The health worker’s observation, the community’s experience, and the statistician’s analysis all have crucial roles to play in building climate-resilient health systems.
This is not about replacing scientific rigor but about expanding our understanding of what constitutes valid knowledge.
By creating frameworks that can integrate different forms of knowing, we strengthen our ability to respond effectively to the complex challenges posed by climate change.

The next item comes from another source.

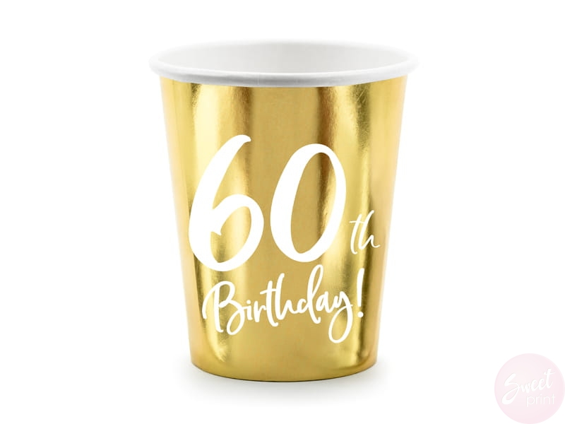 Papierowe kubeczki w złotym kolorze, z napisem 60th Birthday są idealnym dodatkiem na imprezę z okazji sześćdziesiątych urodzin!

The future of climate-resilient health systems depends not just on what we know, but on how we think about knowing itself.
References
Haines, A., Kimani-Murage, E.W., Gopfert, A., 2024. Strengthening primary health care in a changing climate. The Lancet 404, 1620–1622. https://doi.org/10.1016/S0140-6736(24)02193-7
Jones, I., Mbuh, C., Sadki, R., Eller, K., Rhoda, D., 2023. On the frontline of climate change and health: A health worker eyewitness report. The Geneva Learning Foundation. https://doi.org/10.5281/ZENODO.10204660
Jones, I., Mbuh, C., Sadki, R., Steed, I., 2024. Climate change and health: Health workers on climate, community, and the urgent need for action. The Geneva Learning Foundation. https://doi.org/10.5281/ZENODO.11194918
Romanello, M., et al. The 2024 report of the Lancet Countdown on health and climate change: facing record-breaking threats from delayed action. The Lancet 404, 1847–1896. https://doi.org/10.1016/S0140-6736(24)01822-1
Schön, D.A., 1995. Knowing-in-action: The new scholarship requires a new epistemology. Change: The Magazine of Higher Learning 27, 27–34.
Scott, J.C., 2020. Seeing like a state: how certain schemes to improve the human condition have failed. ed, Yale agrarian studies. Yale University Press, New Haven, CT London.